Eve is subsequently sent to live at the Calais home of her wealthy grandfather, Georges (Jean-Louis Trintignant), where also resides her aunt Anne (Isabelle Huppert), her uncle Thomas (Mathieu Kassovitz) and his wife Anais (Laura Verlinden), and her cousin Pierre (Vincent Gallo lookalike Franz Rogowski).

As you might expect, the Laurents aren't the most well-rounded bunch. Pierre is an alcoholic who tortures himself over his class privilege. Thomas is having an affair with a cellist, the two lovers secretly exchanging graphic messages online (forcing us to watch text on screen for far too much of Happy End's runtime). Though seemingly in fine health for his age, Georges is desperate for someone to put him out of his misery, as he claims to have done for his late wife. This latter detail suggests Trintignant is playing the same character as in Haneke's previous film, Amour, though paradoxically, Huppert is playing a different character here (a twin sister perhaps?) - make of that what you will.


happy end haneke

For a change, it's Huppert who plays the most stable character here, balancing filling in as the Laurent matriarch with running her father's construction business, which faces legal trouble following an industrial accident that claims the life of a worker.
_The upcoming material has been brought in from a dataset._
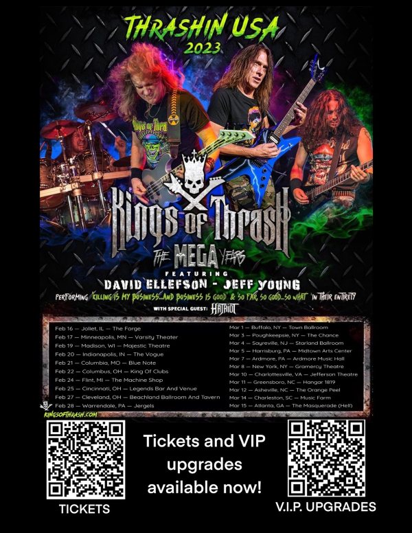 KINGS OF THRASH, featuring David Ellefson and Jeff Young, announced the first leg of their 2023 world tour that begins on February 16 in Joliet, Illinois at The Forge. The THRASHIN’ USA tour will cross the Midwest, East Coast, and southeastern part of the USA through March 15th. Kings of Thrash will be performing the Killing Is My Business…and Business Is Good and So Far, So Good…So What albums in their entirety. KINGS OF THRASH also feature Chaz Leon on vocals and guitar and Fred Aching on drums. Hatriot will be providing support for the tour.

Seen tucking in children and giving warm hugs, Anne Laurent is that rare Haneke character you wouldn't mind having over for dinner.

Haneke indulges in some class commentary here, with the industrial negligence subplot rehashing a  moment from Cache in which a confrontation between a well meaning upper class man and a troubled working class counterpart erupts in violence. Of course, the Calais setting brings its backdrop of immigrants treading the town's streets as they await opportunities to sneak over the channel, but nothing is explicitly made of this scenario.


happy end haneke

And there's not a whole lot more to Happy End. On paper it resembles one of those family melodramas that were so popular in the '50s, and which later inspired those mega soaps of the '80s, Dallas and Dynasty, but there's a notable lack of melodrama here. It could also be compared to one of Todd Solondz' twisted family sagas, but with none of the uncomfortable humour Solondz is known for. Instead we're left to watch a group of frankly uninteresting rich people go about their day to day lives, while the presence of a 12-year-old sociopath adds some cheap tension whenever we see her left alone with her infant cousin or her grandfather, who tries to coerce her into assisting his suicide.

The German-born filmmaker has always been a divisive figure, and even within his own filmography I find myself torn between labeling him a genius (The Piano Teacher, The White Ribbon) and a fraud (Funny Games and its US remake). It's difficult to imagine anyone having a passionate response, whether positive or negative, to Happy End however.

Happy End is in UK/ROI cinemas and streaming exclusively on Curzon Home Cinema December 1st.